WHAT IS REQUIRED - Would you please print the data a second time, exactly as it stands?

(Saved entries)
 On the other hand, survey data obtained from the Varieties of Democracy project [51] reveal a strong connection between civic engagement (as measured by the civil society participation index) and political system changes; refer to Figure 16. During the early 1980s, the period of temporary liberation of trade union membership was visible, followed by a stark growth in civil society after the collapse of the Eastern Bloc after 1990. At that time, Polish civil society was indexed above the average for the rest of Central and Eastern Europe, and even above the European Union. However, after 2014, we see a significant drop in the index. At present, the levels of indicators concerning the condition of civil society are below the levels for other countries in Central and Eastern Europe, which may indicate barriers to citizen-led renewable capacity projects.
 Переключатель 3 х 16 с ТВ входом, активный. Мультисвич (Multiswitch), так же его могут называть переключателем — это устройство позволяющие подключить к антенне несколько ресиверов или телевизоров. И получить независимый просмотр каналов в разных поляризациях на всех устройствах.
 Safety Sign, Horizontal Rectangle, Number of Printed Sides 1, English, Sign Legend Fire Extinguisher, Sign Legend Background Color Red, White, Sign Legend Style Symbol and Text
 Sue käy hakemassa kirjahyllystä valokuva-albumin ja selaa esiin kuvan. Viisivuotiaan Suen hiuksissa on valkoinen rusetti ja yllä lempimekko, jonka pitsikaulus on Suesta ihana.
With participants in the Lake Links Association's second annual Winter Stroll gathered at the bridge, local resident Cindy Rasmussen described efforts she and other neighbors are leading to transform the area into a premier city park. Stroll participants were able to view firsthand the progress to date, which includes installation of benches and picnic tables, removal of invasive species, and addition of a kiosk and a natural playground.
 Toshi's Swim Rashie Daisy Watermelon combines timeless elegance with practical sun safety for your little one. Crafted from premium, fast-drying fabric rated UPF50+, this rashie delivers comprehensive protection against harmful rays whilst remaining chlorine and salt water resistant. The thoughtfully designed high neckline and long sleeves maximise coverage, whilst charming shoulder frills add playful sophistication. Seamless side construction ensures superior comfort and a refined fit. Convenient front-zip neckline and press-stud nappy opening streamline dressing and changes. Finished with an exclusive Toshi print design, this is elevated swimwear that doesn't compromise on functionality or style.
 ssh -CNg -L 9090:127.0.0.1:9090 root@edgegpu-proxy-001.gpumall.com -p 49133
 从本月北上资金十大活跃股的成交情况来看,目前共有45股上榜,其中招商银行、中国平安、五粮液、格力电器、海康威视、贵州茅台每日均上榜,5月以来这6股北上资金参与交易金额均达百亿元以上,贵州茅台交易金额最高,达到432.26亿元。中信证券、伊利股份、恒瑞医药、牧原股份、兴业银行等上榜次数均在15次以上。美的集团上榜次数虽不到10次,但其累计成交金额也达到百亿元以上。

ANSWER AREA -
 On the other hand, survey data obtained from the Varieties of Democracy project [51] reveal a strong connection between civic engagement (as measured by the civil society participation index) and political system changes; refer to Figure 16. During the early 1980s, the period of temporary liberation of trade union membership was visible, followed by a stark growth in civil society after the collapse of the Eastern Bloc after 1990. At that time, Polish civil society was indexed above the average for the rest of Central and Eastern Europe, and even above the European Union. However, after 2014, we see a significant drop in the index. At present, the levels of indicators concerning the condition of civil society are below the levels for other countries in Central and Eastern Europe, which may indicate barriers to citizen-led renewable capacity projects.
 Переключатель 3 х 16 с ТВ входом, активный. Мультисвич (Multiswitch), так же его могут называть переключателем — это устройство позволяющие подключить к антенне несколько ресиверов или телевизоров. И получить независимый просмотр каналов в разных поляризациях на всех устройствах.
 Safety Sign, Horizontal Rectangle, Number of Printed Sides 1, English, Sign Legend Fire Extinguisher, Sign Legend Background Color Red, White, Sign Legend Style Symbol and Text
 Sue käy hakemassa kirjahyllystä valokuva-albumin ja selaa esiin kuvan. Viisivuotiaan Suen hiuksissa on valkoinen rusetti ja yllä lempimekko, jonka pitsikaulus on Suesta ihana.
With participants in the Lake Links Association's second annual Winter Stroll gathered at the bridge, local resident Cindy Rasmussen described efforts she and other neighbors are leading to transform the area into a premier city park. Stroll participants were able to view firsthand the progress to date, which includes installation of benches and picnic tables, removal of invasive species, and addition of a kiosk and a natural playground.
 Toshi's Swim Rashie Daisy Watermelon combines timeless elegance with practical sun safety for your little one. Crafted from premium, fast-drying fabric rated UPF50+, this rashie delivers comprehensive protection against harmful rays whilst remaining chlorine and salt water resistant. The thoughtfully designed high neckline and long sleeves maximise coverage, whilst charming shoulder frills add playful sophistication. Seamless side construction ensures superior comfort and a refined fit. Convenient front-zip neckline and press-stud nappy opening streamline dressing and changes. Finished with an exclusive Toshi print design, this is elevated swimwear that doesn't compromise on functionality or style.
 ssh -CNg -L 9090:127.0.0.1:9090 root@edgegpu-proxy-001.gpumall.com -p 49133
 从本月北上资金十大活跃股的成交情况来看,目前共有45股上榜,其中招商银行、中国平安、五粮液、格力电器、海康威视、贵州茅台每日均上榜,5月以来这6股北上资金参与交易金额均达百亿元以上,贵州茅台交易金额最高,达到432.26亿元。中信证券、伊利股份、恒瑞医药、牧原股份、兴业银行等上榜次数均在15次以上。美的集团上榜次数虽不到10次,但其累计成交金额也达到百亿元以上。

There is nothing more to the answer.